# Phase 3 — three-mode Cosmos benchmark · merged dataset

> 🔁 **MERGED FROM TWO SEGMENTS** — see provenance below. Per protocol §12 the original run aborted due to a runner-side accounting bug, no rows were discarded, and the resumed run picked up at the next task in the shuffle order. This file is the union.

> ⚠️ **DIRECTIONAL — only 13 kept rows per cell.** Tier 2 evidence at most per §9.1; not a Tier 1 web headline.

## Provenance

- Merged at: 2026-05-07T02:55:17Z
- Partial: `benchmarks/results/phase3-2026-05-07-d2-tasks1to5.csv` → 15 rows
- Resumed: `benchmarks/results/phase3-2026-05-07-draft-resume-from5.csv` → 27 rows
- Total: 42 rows after dedup
- Tasks locked at: 2026-05-07T00:47:53Z (d3181df245)

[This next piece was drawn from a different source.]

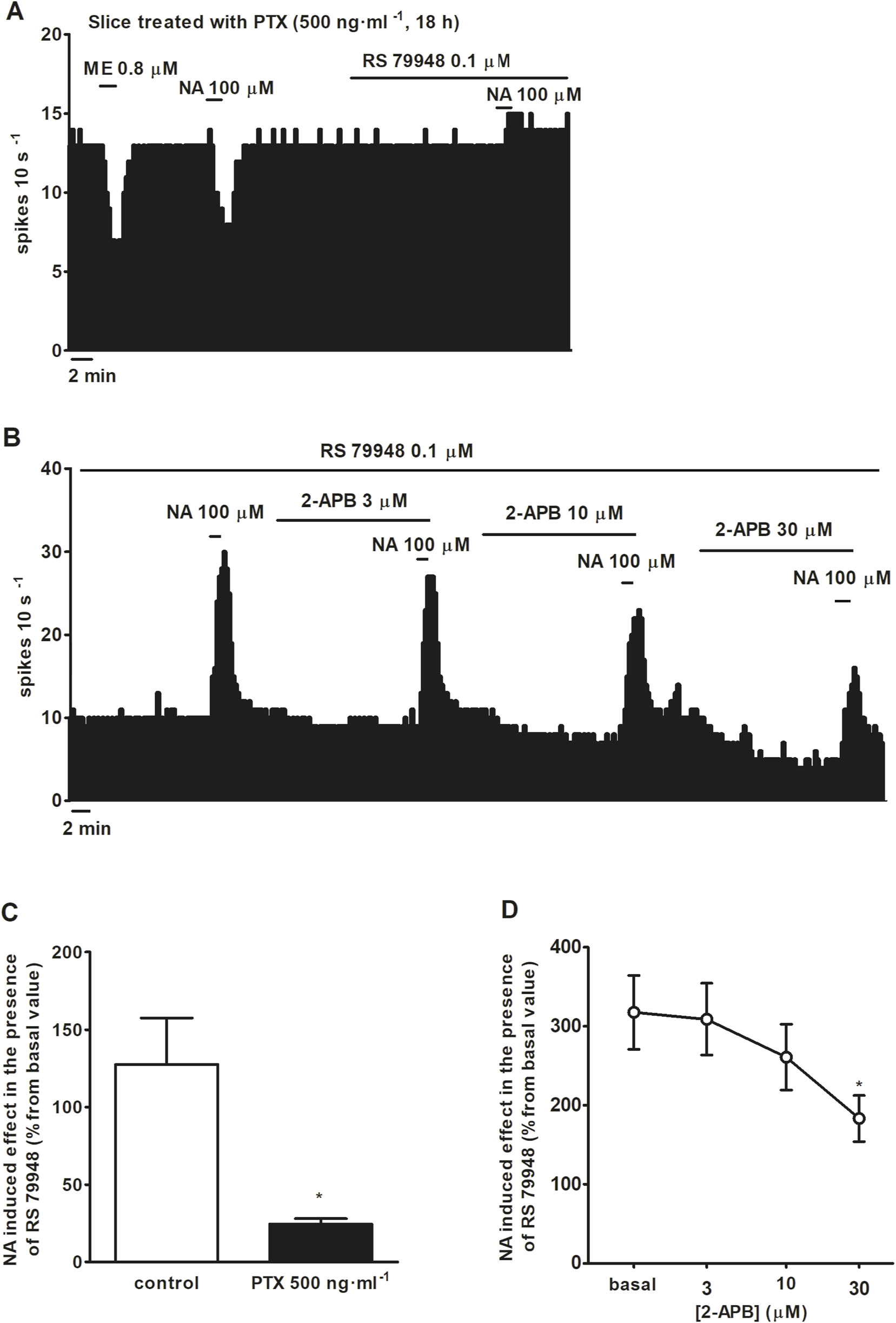 The effects of AR agonists were calculated by subtracting the FR before drug perfusion from the FR after drug perfusion (FRafter−FRbefore). For the inhibitory effect of NA, FRafter was considered the average FR recorded for 60 s after agonist perfusion. For the stimulatory effect, FRafter was the average peak FR recorded for 30 s after perfusion with NA in the presence of RS 79948 or the average FR recorded for the last 120 s after perfusion with cirazoline. FRbefore was the average FR recorded for 60 s before agonist administration. Effects were normalized as the percentage change from the baseline FR before the application of adrenergic agonist. The data and statistical analysis were carried out using the computer program GraphPad Prism (version 5.0 for Windows; GraphPad Software, Inc., San Diego, CA, USA) and comply with the recommendations on experimental design and analysis in pharmacology (Curtis et al., 2015). Values are expressed as the mean ± SEM of n experiments. The FR before or after drug application or the effects of drugs on the FR (% change from the baseline FR) were compared using a paired Student’s t-test within the same cell or an unpaired Student’s t-test between different groups. Comparisons between the effects of different concentrations of a drug in the same cell (cirazoline and 2-APB) were performed using the repeated-measures ANOVA, followed by Bonferroni’s multiple comparison post hoc test. Comparisons between the effect of cirazoline in the absence and presence of different inhibitors were performed using the one-way ANOVA, followed by the Dunnet post hoc test. The threshold of significance was considered as P = 0.05.

## Exclusions (primary metric per §7.1)

- Total rows: 42
- Kept for primary: **37** (88.1%)
- Excluded — error / both-judges-failed: 5
- Excluded — judge_disagreement (Δ > 1): 0
- Exclusion rate: **11.9%** ⚠ exceeds 10% — downgrade to directional per §9.1

## Summary by (brain × mode)

| Brain | Mode | n | Mean cost | Mean tokens | Mean score |
|---|---|---:|---:|---:|---:|
| `fresh` | `baseline` | 0 | — | — | — |
| `fresh` | `mcp_only` | 0 | — | — | — |
| `fresh` | `mcp_plus_rules` | 0 | — | — | — |
| `curated` | `baseline` | 12 | $0.2337 | 126156 | 1.3333 / 4 |
| `curated` | `mcp_only` | 12 | $0.1885 | 131222 | 1.3333 / 4 |
| `curated` | `mcp_plus_rules` | 13 | $0.3554 | 211048 | 2.2308 / 4 |

## Paired analysis: mcp_plus_rules − mcp_only (curated)

- Paired n: **12**
- Mean Δ (C − B): **+0.750**
- SD: 1.712, SE: 0.494
- 95% CI (normal approx): [-0.219, +1.719]
- ⚠ CI crosses zero — Tier 2 directional only per §9.1

Per-task ΔC−B:

| Task | C | B | Δ |
|---|---:|---:|---:|
| D1 | 0.0 | 0.0 | +0.0 |
| D2 | 0.0 | 0.0 | +0.0 |
| D3 | 3.0 | 4.0 | -1.0 |
| E2 | 4.0 | 4.0 | +0.0 |
| T-AL3 | 4.0 | 0.0 | +4.0 |
| T-AL4 | 0.0 | 0.0 | +0.0 |
| T-AL5 | 4.0 | 3.0 | +1.0 |
| T-AL6 | 3.0 | 1.0 | +2.0 |
| T-PL4 | 0.0 | 0.0 | +0.0 |
| T-PL5 | 4.0 | 0.0 | +4.0 |
| T-PL6 | 0.0 | 0.0 | +0.0 |
| T-PL8 | 3.0 | 4.0 | -1.0 |

---

Generated by `benchmarks/_merge_phase3.py`. The Welch-style normal-approx CI above is a quick sanity reading; the protocol-mandated paired bootstrap (1000 resamples) is the canonical primary metric — compute over the merged CSV before any web-headline claim.